La signora Pina (Liù Bosisio) chiama allo “ spettabile centralino dell’ illustre società Italpetrolcemetermotessilfarmometalchimica” per chiedere “umilmente informazioni” sul marito, il Ragionier Ugo Fantozzi (Paolo Villaggio), impiegato nell’ufficio sinistri. Lei e la figlia Mariangela (Plinio Fernando) iniziano ad essere preoccupate perché il ragioniere non torna a casa da 18 giorni. La centralinista le risponde asettica che provvederanno a controllare. Fantozzi verrà ritrovato in quello che era un bagno ormai dismesso, letteralmente murato vivo. Ritorna mestamente alla sua scrivania, nell’indifferenza di tutti, dei dirigenti, che gli rimproverano l’assenza dal lavoro, e dei colleghi, che hanno piacere del suo ritorno solo perché possono tornare a passargli tutte le pratiche in eccesso.

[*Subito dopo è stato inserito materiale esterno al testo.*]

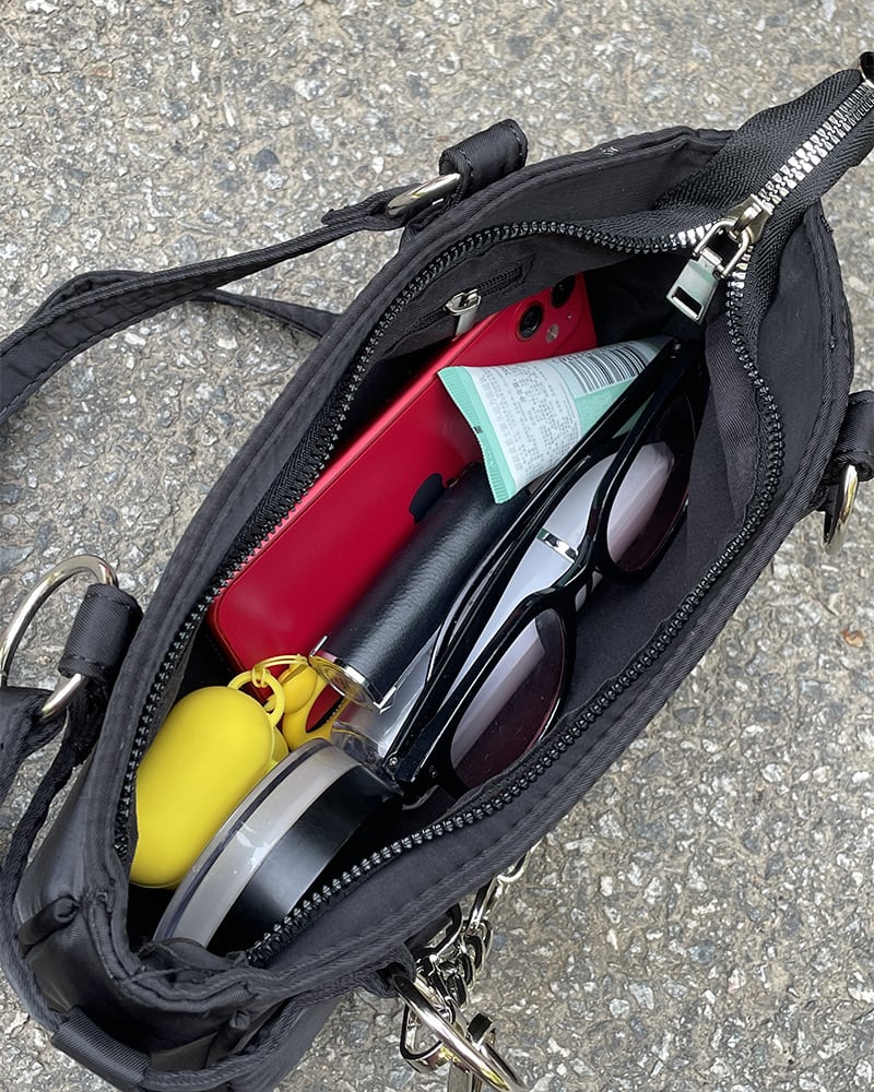 どんなコーデにも馴染みやすいブラックカラーで、デイリー使いから特別な日のおしゃれまで幅広く活躍するバッグです。

In questa prima sequenza, già c’è tutto l’universo fantozziano, l’uomo “invisibile” a cui capitano le disavventure più impensabili : la distanza siderale tra il mondo lavorativo consumato nella Megaditta e quello della tranquillità domestica ; l’utilizzo di un idioma sarcastico e corrosivo insieme ; una moglie remissiva fino all’eccesso ed una figlia “bertuccia”, le uniche persone che trattano umanamente Fantozzi ma anche quelle che inibiscono il ragioniere dall’intimo desiderio di evadere dai vincoli familiari ; il Fantozzi vessato sul luogo del lavoro dai suoi colleghi, brutalizzato dai dirigenti e praticamente annullato come uomo dal Megadirettore Galattico Duca Conte Balabam (Paolo Paoloni), una figura mitologica di cui si mette addirittura in dubbio la reale esistenza.  Fantozzi è segretamente innamorato della signorina Silvani (Anna Mazzamauro), “miss quarto piano”, che gli preferisce decisamente la compagnia del geometra Calboni (Giuseppe Anatrelli), un dongiovanni da strapazzo arrogante ed opportunista. Può vantare due sole compagnie inseparabili il ragionier Fantozzi. Quella col ragionier Renzo Filini (Gigi Reder), un miope iperattivo sempre pronto ad organizzare cose che lo coinvolge in una miriade di situazioni sconvolgenti. E quella con l’inseparabile “nuvoletta da impiegato”, che arriva a ricordargli ogni volta quanto è grama la sua routinante esistenza.

 

   

Se è vero che qualsiasi opera della creatività umana è tanto più riuscita quanto più riesce ad imprimersi nell’immaginario collettivo di un popolo, allora il “Fantozzi” di Paolo Villaggio, in questa particolare classifica, si è meritato un posto di primo piano. Lo ha certamente fatto attraverso l’immediatezza iconografica di personaggi esemplari (l'anonima Pina, l'orripilante "bertuccia" Mariangela, la contessa Serbelloni Mazzanti Viendalmare, il Duca Conte Semenzara, il ragionier Filini, la signorina Silvani, il Megadirettore Galattico, il ragionier Guido Riccardelli, etc), situazioni comiche paradossali (il varo della nave, l’attesa del pullman mattutino, il cineforum aziendale, la puntatina a Montecarlo, la partita di calcio tra colleghi, etc) e trovate narrative ed idiomatiche surreali (la nuvoletta, il consiglio dei dieci assenti, l’acquario umano, la poltrona di pelle umana), ma anche grazie alla capacità di farsi specchio delle italiche mediocrità, di rendere a tal punto caricaturale alcuni vizi e vezzi del cosiddetto italiano medio da usare l’arma del paradosso come strumento d’indagine del paese. Occorre in tal senso ricordare, da un lato, che prima di diventare una saga cinematografica “Fantozzi” è stato un fenomeno letterario di enorme successo, e, dall’altro lato, che Paolo Villaggio, dietro la facciata di comico “disimpegnato” che sembra non prendersi troppo sul serio, conserva una personalità colta e sfaccettata.   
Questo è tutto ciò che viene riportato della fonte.